Machine Learning in Production Series 1 - Scoping & Data

Machine Learning in Production Series 1 - Scoping & Data

Machine Learning(ML) is a tedious process with different challenges. Writing a quick model might be easy however one should spend much more time to productionize the model. There are many considerations such as balancing the load, dealing with huge data, monitoring the output to make sure of continuos quality.

In my journey to learn more about ML on production, I am taking Machine Learning Engineering for Production (MLOps) Specialization from . In this blog post series, I will try to summarize my learnings as a way to review myself.   Almost all of the visualizations I will use in this post are sourced by the presentations in the specialization.

So I will just dive. Thanks for reading in advance.

Steps of an ML Project

There are 4 natural steps in ML project life cycle. Those are scoping, data, modeling and deployment. In this first post of the series, I will be only focusing on first 2 steps.


Scoping is all about knowing which battles you want to fight. We cannot solve all problems not only because of time / capacity but because some problems are just not worth the effort.

Some of the questions to ask for picking the right battle are :

  • What are the projects which would create highest impact?
  • What are the metrics of success?
  • Do we have the resources (data, time, people)?  
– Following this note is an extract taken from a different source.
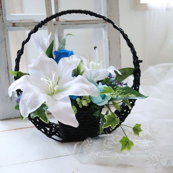 上質なアーティフィシャルフラワーとソープフラワーでアレンジされています。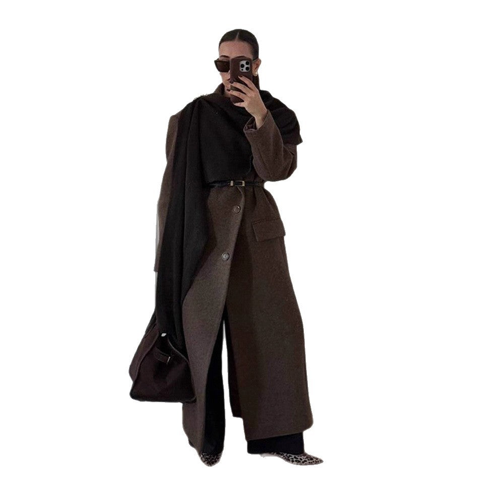 Damen Lange Wollmantel mit modernen Schnittführungen Heidi-Mode

At this step it is important to sit together with business and learn their priorities. The priority can  for example be increasing profit via changing price or decreasing cost by reducing labor on a manual task. Only after learning about the priorities it is possible to brainstorm about AI solutions.  After some potential solution matures, it is important to think about feasibility of the project as well as determining some milestones.


I would like to open a parenthesis here because knowing if a solution is feasible or not can save immense time. For tasks including unstructured data (such as sound or visuals), Andrew Ng suggest using Human Level Performance (HLP) as the best possible level.  So for this cases the question is:

Can a human, given the same data, perform the task?

For structured data, such as tabular data, the question is a bit less intuitive. Here we should ask if the data has any information which might be used for inferring the output.

Do we have features that are predictive?


This the hardest step and almost always the bottle neck. You know how they say "Data is the new petroleum", this is because a mediocre algorithm using great data performs much better than a great algorithm using poor data. It is possible look for good models in literature or via tutorials however you can't easily find data. Because of this reason it is much more efficient to do data-centric AI compared to model-centric AI especially in industry.

Model Centric AI: Optimizing/iterating model while keeping the data fixed
Data Centric AI: Prioritizing the quality of the data compared to algorithm

Data can be increase in 3 possible way.

  1. Increasing the amount by labeling new instances (Data Labeling)
  2. Increasing the amount by generating realistic instances (Data Augmentation)
  3. Increasing the dimension by creating new features.

Data Labeling

Unlike Kaggle type ML problems, in production we might actually need to create our own dataset. In those cases one issue is to come up with clear labeling rules. For example for an NLP data building task, we should decide on how to deal with filler words such as "umm" .

Data labeling could be expensive and time consuming. Thus if possible a good way to do that is to put this step in the development cycle i.e developing model -> Doing Error Analysis -> Labeling data related to errors.

Data Augmentation

Data augmentation is the method of generating artificial data for using in model training. The important key point here is  creating realistic data points that the algorithm does poorly on, but humans(or other baseline) do well.  

This process of data augmenting from a data centric development angle can be represented as an iteration loop.

Adding Features

Sometimes it is just hard to generate data. For example, if you are developing a recommendation system it might not be possible to generate realistic data. In those cases, it is helpful to think in terms of possible features to add.

For example assume that  you have built a recommendation system. However after doing an error analysis you have realized that the system performs poorly because it is sometimes recommending non-vegetarian food to vegetarian people.  This type of issue can be fixed by adding features flagging if the restaurant to be recommended have vegetarian option and if the person is vegetarian.  This type of feature engineering might be especially relevant for structured data.

Data Lineage & Data Provenance

As we have already discussed, data is the core part of model. We cannot replicate a model without using exactly same data  for retraining. Thus data versioning, knowing how the data was sourced is an important point to take into consideration.  In this context there are two commonly used terms: data provenance and data lineage.  Data provenance refers to where the data came from / how it was obtained. Data lineage, on the other hand,  refers to the sequence of steps needed to get to the end of the pipeline.

In this first post of the series, we have focused on the first 2 steps of the ML project life cycle. Even though these steps are not the ones where we see the action or any final product, these are fundemental steps which have tremendous importance. Having a solid understanding of those can save incredible time.

In the next writing of the Machine Learning in Production Series, we will be focusing on modeling and monitoring concepts.